Device 130 then processes the score for all categories 1-N
collectively, to determine a single overall objectionability rating
for the content items of the original multimedia object that were
not filtered at any of the stages 106-112, as described above.
[0033] In one embodiment, the mapping of the set of semantic
categories and scores into the overall objectionability rating or
score is learned using training data and machine learning
techniques. For example, computation of the overall
objectionability rating may use an algorithm, which calculates the
overall rating to be the ratio of a maximum objectionable category
confidence over a maximum safe category confidence. Thus, the
objectionability rating is a fusion of scores from both
objectionable categories. In other embodiments, derivation of the
overall objectionability rating may be skewed or adapted to
accommodate different objectionable standards of different users,
families, content providers or geographic locations.

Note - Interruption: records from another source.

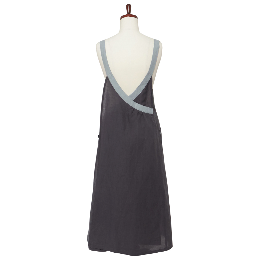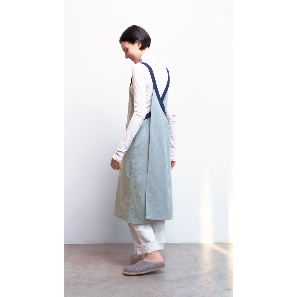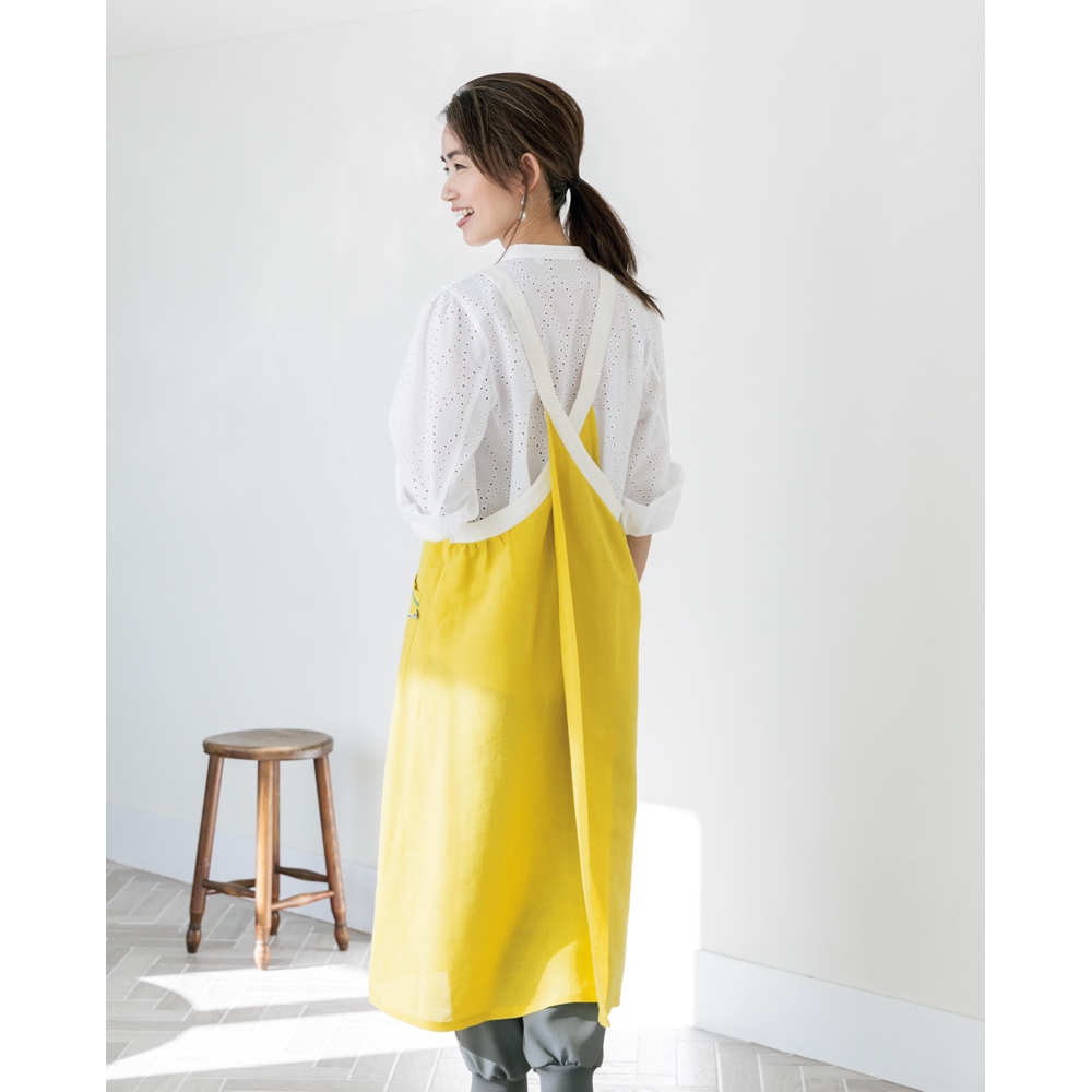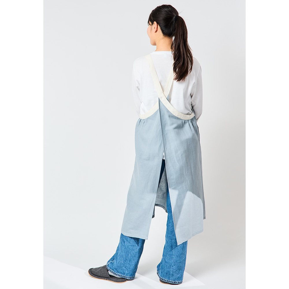 気分の上がる美しい色とソフトな肌触り。さっと、かぶるだけで準備OKで紐を結ぶ必要がありません。日常の中に贅沢を。遠州洗いの綿麻混素材が、大人の女性を華やかに演出します。遠州洗いの綿麻生地は幸せになる柔らかさです昔ながらの機械と手作業の加工で生地にソフトな風合いとシワを出した「遠州洗い」の生地を使ったエプロンです。繊維が柔らかく肌触りも優しくしわ感もお楽しみいただけます。柔らかな肌触りと高級感のある素材は、大人の女性を華やかに演出。シンプルで上品なデザインは、キッチンでの料理はもちろん、ホストとしてのおもてなしにもおすすめです。遠州洗いの技術を活かした、上質なエプロンをお探しの大人の女性にぴったりの商品です。遠州洗いとは?静岡県の浜松地区で丁寧に加工された生地を使用しています。人の手でカットした生地を、昔から使用している小さなワッシャー機に入れて加工します。少量ずつ揉み込むためキメの細やかなシワ感を出す事が可能になります。ワッシャー加工後、人の手で小さなタンブラー機に移して、ゆっくり乾燥させることで、独特の肌触りの良い柔らかい風合い仕上がります。※使用している小型のワッシャー機、タンブラー機とも手間が掛かるため、現在では使われる事が少なく、非常に珍しい機械です。大量生産できないため、限られた枚数しか作ることができず、その分価格も高くなってしまいますが、柔らかな生地を触っていただければその良さを感じていただけるのではないかと思います。長くご愛用頂ける素材です生地は麻60%綿40%。通気性と少しのシャリ感、柔らかさのある麻と綿の良いところをミックスした素材です。顔がぱっと明るくなる上品な色合いとポケットのステッチカラーがおしゃれです着るだけで元気が出そうな色合いを揃えました。どの色も麻混ならではの上品な発色で全部揃えてくなる美しさ!大人女性の顔色をぱっと明るくする厳選カラーです。各色ともポケットのステッチがアクセントでとても洒落ています。着る人の体系を選びません上からスポッとかぶるだけでボタンもひもも結ぶ必要がないので、忙しい時でもさっとすぐ着られます。贅沢に生地を使っているので、細身の方もぽっちゃり目の方もスッキリお召しいただけます。肩に負担の少ないフリークロスタイプ紐・ボタンがないのでスッキリしており、着用時のストレスがとても少ないです。お尻が隠れても背中が空いているので通気性もよいです。また紐が肩から落ちる・・・というストレスもありません。後ろ姿もかわいい!お尻も隠れますし、背中のクロスがとてもかわいい!気分があがります♪
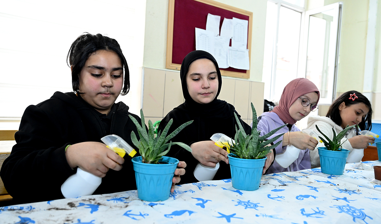 Bunun yanında "Konya Büyükşehir Tarım Çocuk Kitabı" ile öğrencilere öğrendiklerini pekiştirmeleri sağlanıyor. Okullarda geri dönüşüm malzemelerinden saksı yapmayı da öğrenen öğrenciler, evde tükettikleri sebze ve meyve tohumlarını çoğaltmak üzere biriktiriyor.
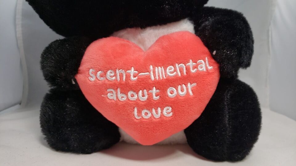 This adorable plush skunk features a classic black and white design, holding a vibrant red heart with the sweet message ?Scent-imental about our love.? Made from soft, huggable fabric, it?s perfect for snuggling and makes an ideal gift for someone special. Whether for Valentine?s Day, anniversaries, or just because, this plush skunk is sure to bring a smile and warm the heart of anyone who receives it.
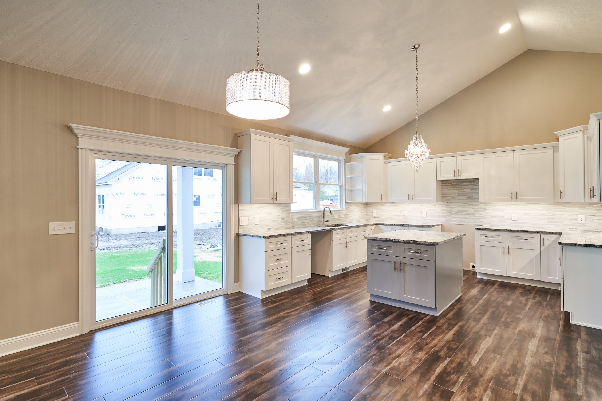 Eat-in kitchen features a center island with granite countertops and is completely open to the great room which walks out to the covered patio.

[0034] Objectionability ratings provided by module 126,
representing the likelihood that content items in categories 1-N
are objectionable, can also be used to provide a ranking, in order
to prioritize content for human review of objectionability. For
example, content items in categories with the highest
objectionability scores would be given highest priority for human
review. Moreover, it will be appreciated that for a given
multimedia object, system 100 automatically filters out a large
portion of the content thereof, at stages 106-112, as being
definitely objectionable or as being definitely non-objectionable.
This portion collectively comprises the content amounts X %, Y %, Z
% and U %. Only the remainder of the content, rated and ranked by
device 130, would therefore need to be considered for human review.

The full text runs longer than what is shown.